Your just supposed to put in however much fuel you think you need.
Hello Defendi,
Thank-you for putting the missing piece of the puzzle on the table.
That means if I have a TL 25 25-ton vehicle with a 150 kph wheeled drive with a power cost of 0.375 and a 1 ton fuel load the vehicle has a range of 30 x 1 ÷ 0.375 = 80 km. Formula p. 115 (Power per mt = 30) x (mt of fuel = 1) ÷ (power cost p. 101 (Mass = 25 x Speed = 120 kph ÷ 10,000) per hour)
Have I grasped the Range correctly?
The text on p. 115
To determine how many metric tons of fuel are required for the desired range, compare the power cost of the engine to the power provided by fuel.

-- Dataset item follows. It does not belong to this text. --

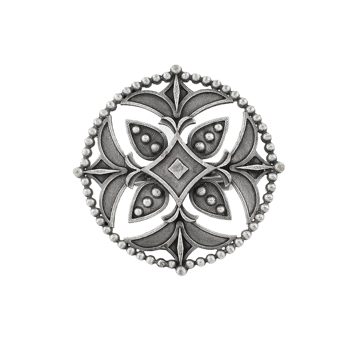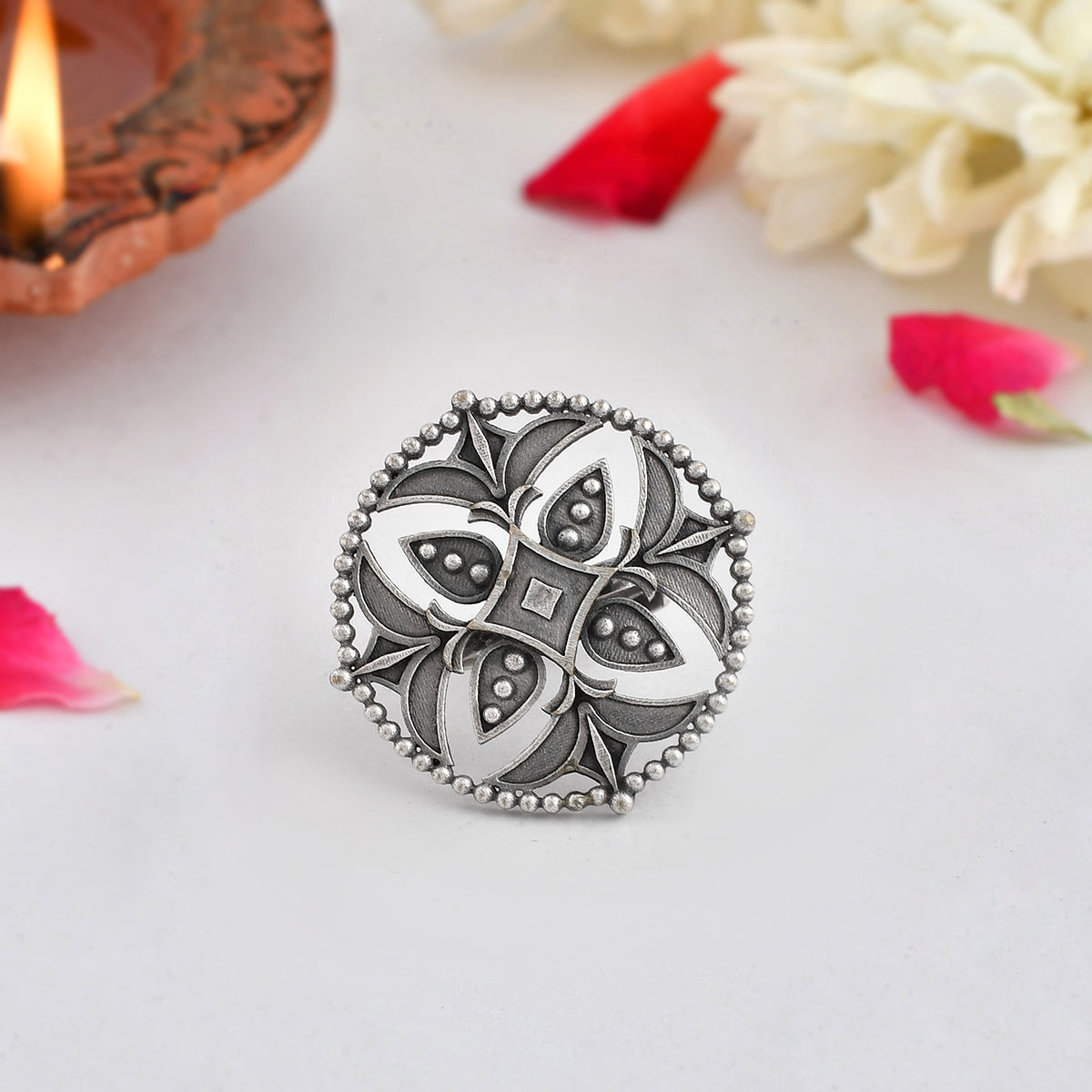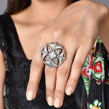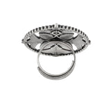 Cutwork design statement ring, inspired by the elements and essence of the Indian festival of Navratri. Made from brass and silver oxidized plated. The ring can be paired with a wide range of looks and outfits.

now seems to make a little more sense using the same basic inputs I think the text means:
Range in km x Engine Power cost/output ÷ Power Provided per Metric ton chart:
A TL 25 25-ton vehicle designed to travel at 150 kph using a wheeled drive has a power cost of 0.375 and is designed to travel 80 km. At TL 25 Chemical fuel provides 30 units of power per metric ton of fuel.
80 x 0.375 ÷ 30 = 30 ÷ 30 = 1 ton of fuel.
How much volume does the fuel take up 1 kiloliter or 25 kiloliters?